You might be able to stick the tip of a soldering gun in to melt off some of the insulation, then stick in rolled up sandpaper to clean off the ends, then stick the soldering tip in again and attach pigtails (short extensions) to those wire ends. Slip heat shrink tubing over for insulation; you might be able to heat up the tubing with the soldering tip but do not use a match or flame to actually make it shrink.

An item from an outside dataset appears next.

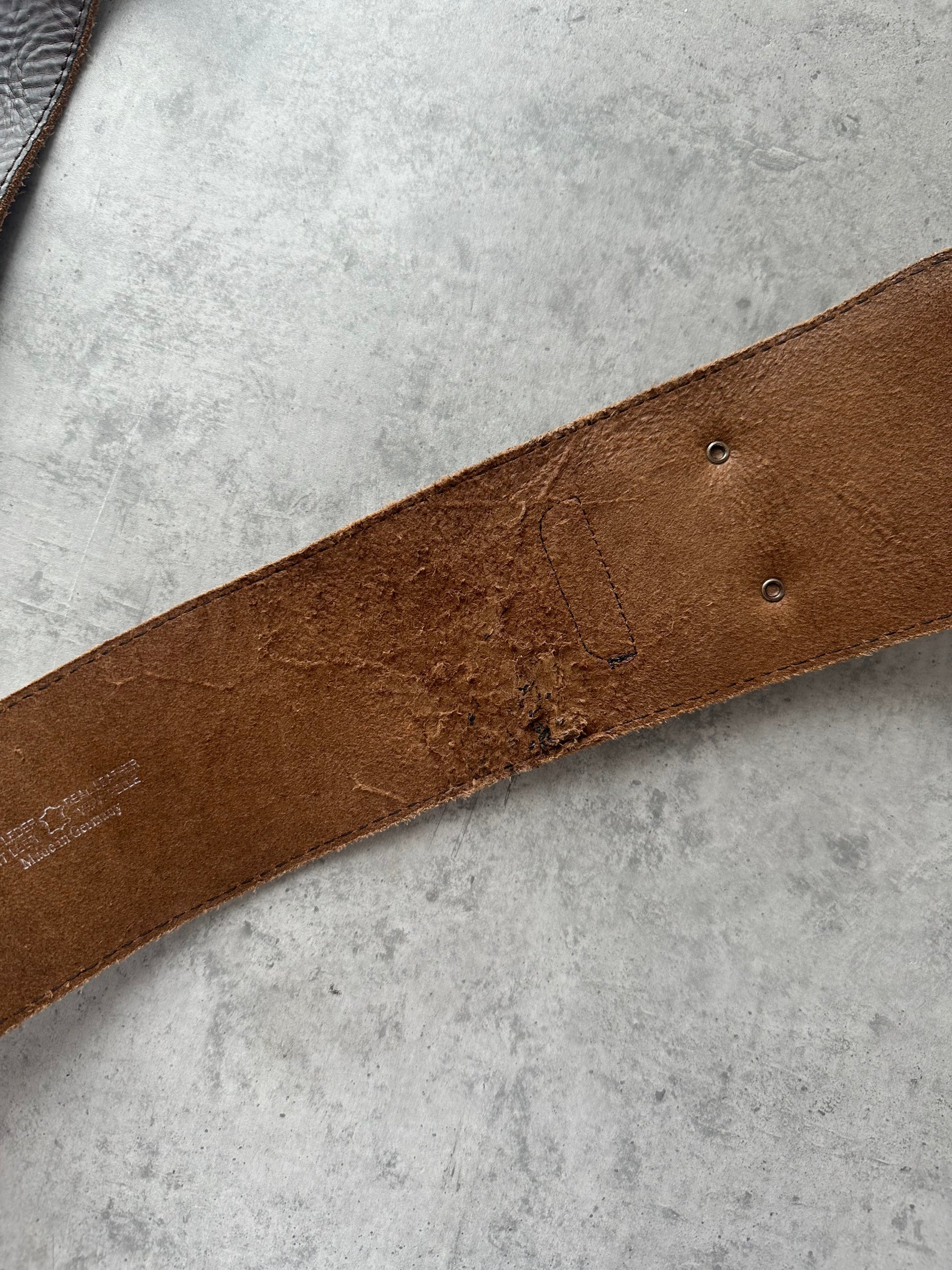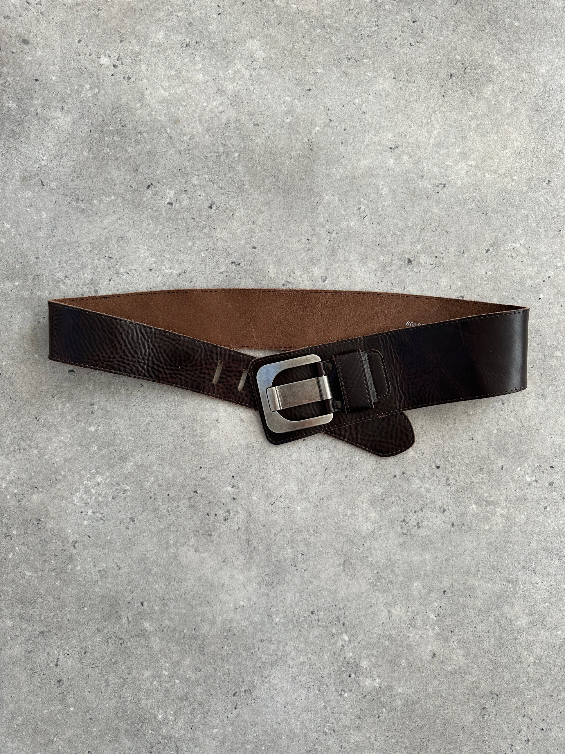 A structured German-made wide leather belt by Bernd Götz, crafted in grained dark brown leather with a bold industrial buckle for a cinched waist silhouette.

Make a spiral in the end of the pigtail to slip over the wire end in the wall, instead of trying to twist the pigtail end and the wire end together first.


----------



## danpik (Sep 11, 2011)

A lot of times the doorbell wire runs to the button location behind the trim on the inside. You might check if thats the case. If so, you could splice it together in there and extend the wire out to the button location


----------



## k_buz (Mar 22, 2012)

Worst case scenario put the new button over the existing hole (top of the button lined up with the top of the existing hole) trace the new button on the wall, then gently chip out a bigger hole...working your way down. You might be able to get enough wire out to either connect to the button, or splice on a little wire. I know you will loose surface to mount the new button, but a little caulk should hold it there just fine.


----------



## BigJim (Sep 2, 2008)

Or if all else fails buy a battery powered remote doorbell.


----------



## Msradell (Sep 1, 2011)

jiju1943 said:


> Or if all else fails buy a battery powered remote doorbell.


From the OP "I do not want to install a wireless doorbell."


----------



## Jay 78 (Mar 2, 2011)

I went wireless. I was extremely skeptical, but it has turned out to be totally reliable.


----------



## rrolleston (Oct 17, 2011)

try and strip the wire with a couple pairs of needle nose pliers and crimp splices on with needle nose pliers.

If you have a soldering iron this can be fixed easily. Strip insulation from a larger size wire slide some on both new wires solder the wires together 3/4" is plenty of room slide the insulation over the wires and tape it up.


----------